* [ABOUT THIS EXERCISE]:
Repeat, word for word, all the data that follows, and exclude the pictures.

* [INFORMATION]:

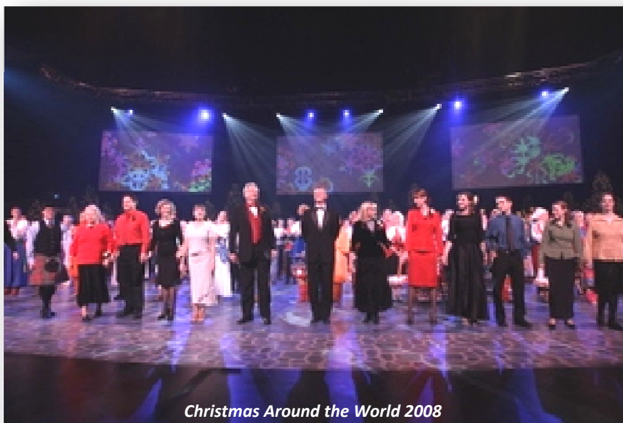
Christmas Around the World 2008
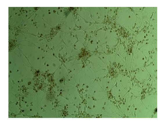
Figure 2. The ScienCell<sup>TM</sup> Colorimetric TUNEL Apoptosis Assay is applied to rat cortical neurons cultured with ScienCell<sup>TM</sup> Neuronal Medium for 3 days, and apoptotic cells can be identified with dark brown nucleus.

Figure 1. The ScienCell<sup>™</sup> Colorimetric TUNEL Apoptosis Assay is applied to human astrocytes treated with (A) and without (B) DNase I, and data shows that dark brown nuclei can only be observed in those cells treated with DNase I.
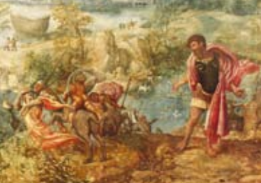
Top: art inspection infrared Bottom: art inspection visual
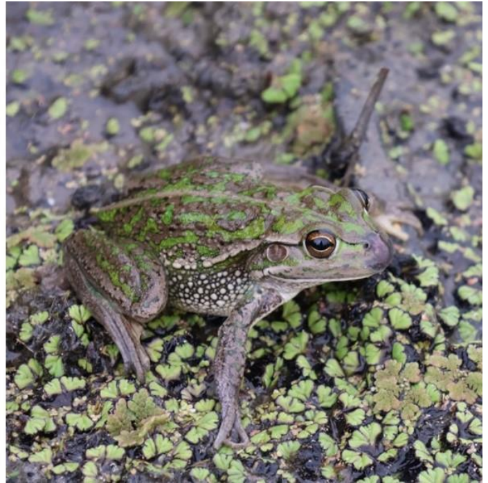
Left to right. 1. Audio moth equipment installed along weir pools by ecologists to monitor frog calls. 2. Southern Bell Frog spotted at River mint lagoon, SA.
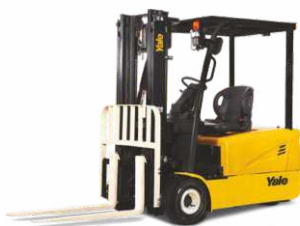
3 Wheel ERP16-20UXT 1,600 - 2,000kg

* [ANSWER BOX]:
Christmas Around the World 2008
Figure 2. The ScienCell<sup>TM</sup> Colorimetric TUNEL Apoptosis Assay is applied to rat cortical neurons cultured with ScienCell<sup>TM</sup> Neuronal Medium for 3 days, and apoptotic cells can be identified with dark brown nucleus.

Figure 1. The ScienCell<sup>™</sup> Colorimetric TUNEL Apoptosis Assay is applied to human astrocytes treated with (A) and without (B) DNase I, and data shows that dark brown nuclei can only be observed in those cells treated with DNase I.
Top: art inspection infrared Bottom: art inspection visual
Left to right. 1. Audio moth equipment installed along weir pools by ecologists to monitor frog calls. 2. Southern Bell Frog spotted at River mint lagoon, SA.
3 Wheel ERP16-20UXT 1,600 - 2,000kg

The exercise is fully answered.